## Extracted entries

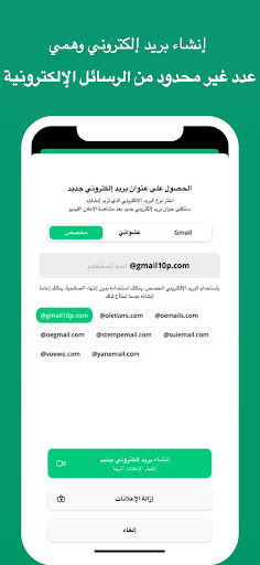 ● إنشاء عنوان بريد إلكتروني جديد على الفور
--
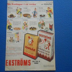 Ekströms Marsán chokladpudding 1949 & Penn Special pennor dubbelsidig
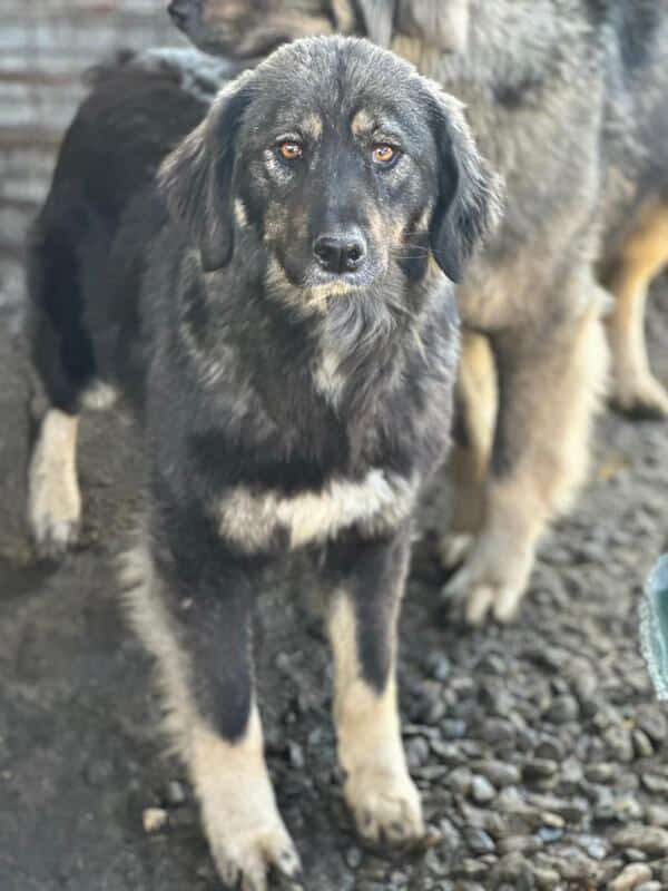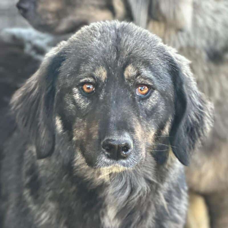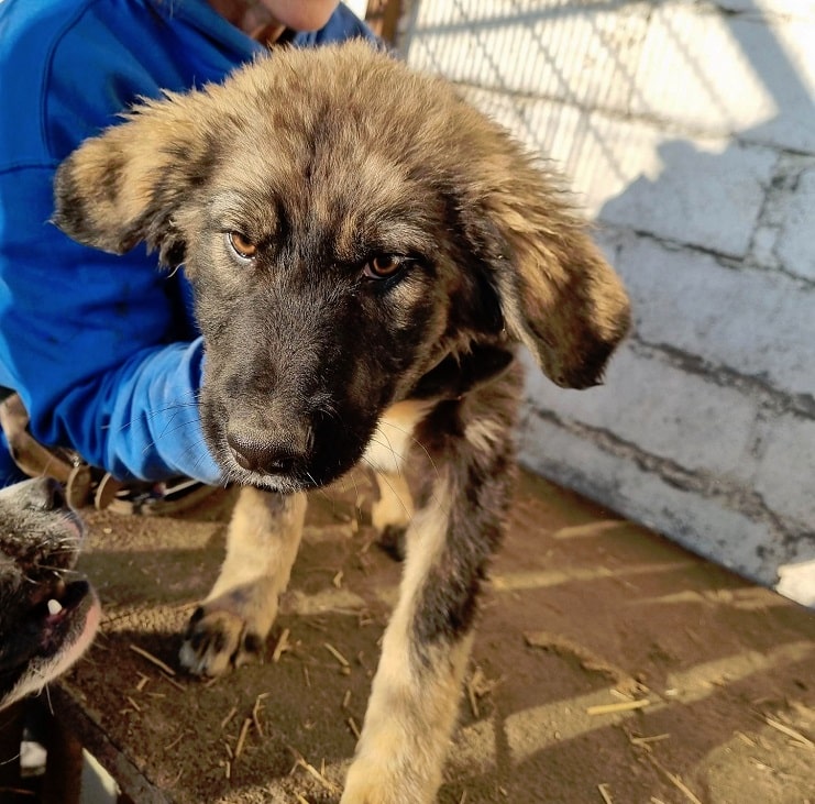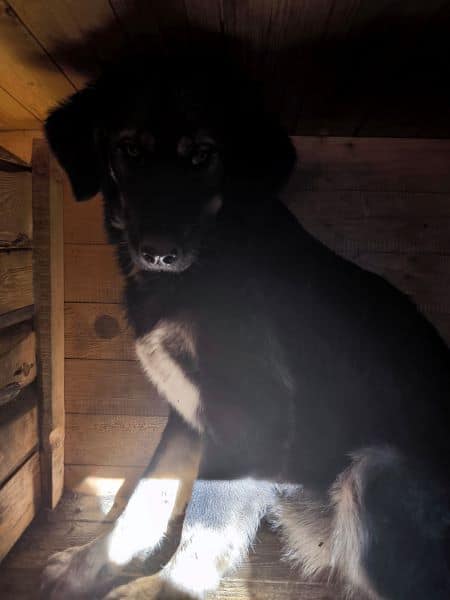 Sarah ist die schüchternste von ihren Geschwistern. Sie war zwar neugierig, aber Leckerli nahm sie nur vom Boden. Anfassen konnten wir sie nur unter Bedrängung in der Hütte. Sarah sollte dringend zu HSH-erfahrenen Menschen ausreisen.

## What you need to do
The material above holds pictures; leave them out and set down exactly the lines from the line with "Ekströms Marsán chokladpudding" to the line with "Sarah ist die", both included.

## Your response
 Ekströms Marsán chokladpudding 1949 & Penn Special pennor dubbelsidig
 Sarah ist die schüchternste von ihren Geschwistern. Sie war zwar neugierig, aber Leckerli nahm sie nur vom Boden. Anfassen konnten wir sie nur unter Bedrängung in der Hütte. Sarah sollte dringend zu HSH-erfahrenen Menschen ausreisen.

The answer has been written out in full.